INFORMATION SUPPLIED:
====

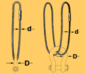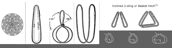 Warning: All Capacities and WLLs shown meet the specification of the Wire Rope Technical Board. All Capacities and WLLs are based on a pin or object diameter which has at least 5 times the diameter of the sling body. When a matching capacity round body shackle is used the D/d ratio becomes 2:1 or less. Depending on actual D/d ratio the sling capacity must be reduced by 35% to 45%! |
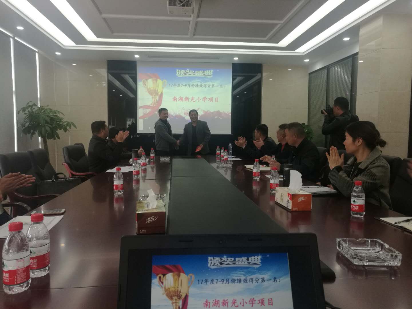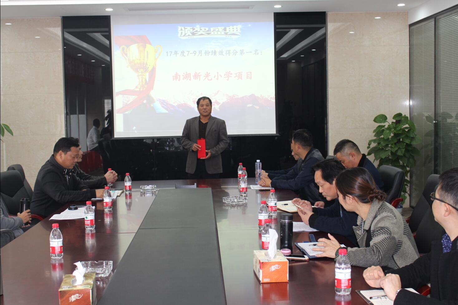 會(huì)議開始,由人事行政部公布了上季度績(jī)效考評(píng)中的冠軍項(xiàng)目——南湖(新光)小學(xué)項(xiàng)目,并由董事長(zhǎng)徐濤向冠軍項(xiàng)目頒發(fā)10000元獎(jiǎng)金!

====

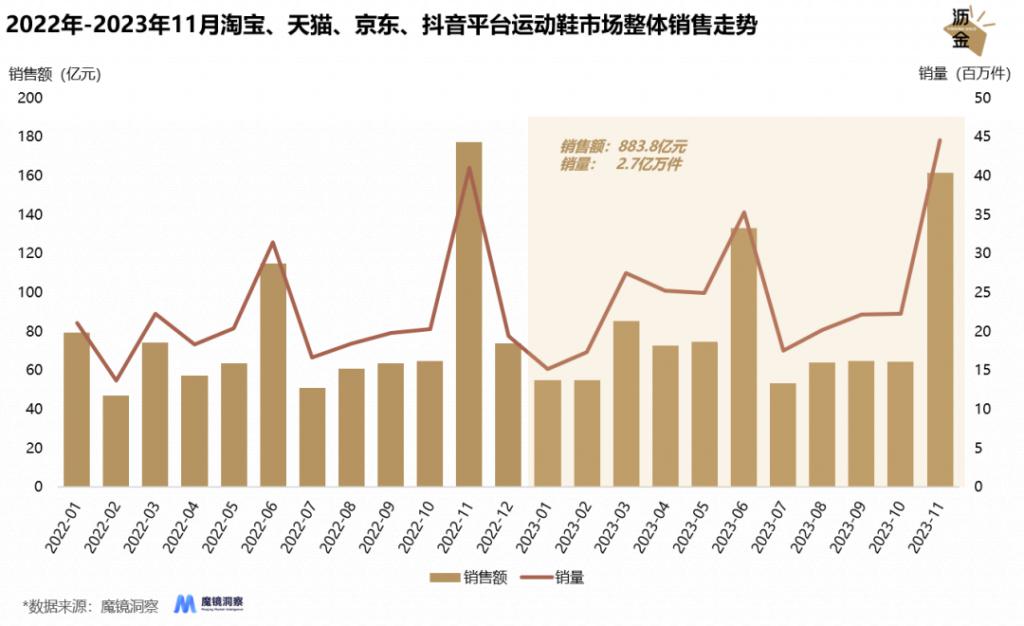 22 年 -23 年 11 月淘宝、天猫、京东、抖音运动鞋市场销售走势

====

Transcribe, word for word, the stretch of lines in the data above from the one with "Warning: All Capacities" through the one with "會(huì)議開始,由人事行"; omit all pictures.

 Warning: All Capacities and WLLs shown meet the specification of the Wire Rope Technical Board. All Capacities and WLLs are based on a pin or object diameter which has at least 5 times the diameter of the sling body. When a matching capacity round body shackle is used the D/d ratio becomes 2:1 or less. Depending on actual D/d ratio the sling capacity must be reduced by 35% to 45%! |
 會(huì)議開始,由人事行政部公布了上季度績(jī)效考評(píng)中的冠軍項(xiàng)目——南湖(新光)小學(xué)項(xiàng)目,并由董事長(zhǎng)徐濤向冠軍項(xiàng)目頒發(fā)10000元獎(jiǎng)金!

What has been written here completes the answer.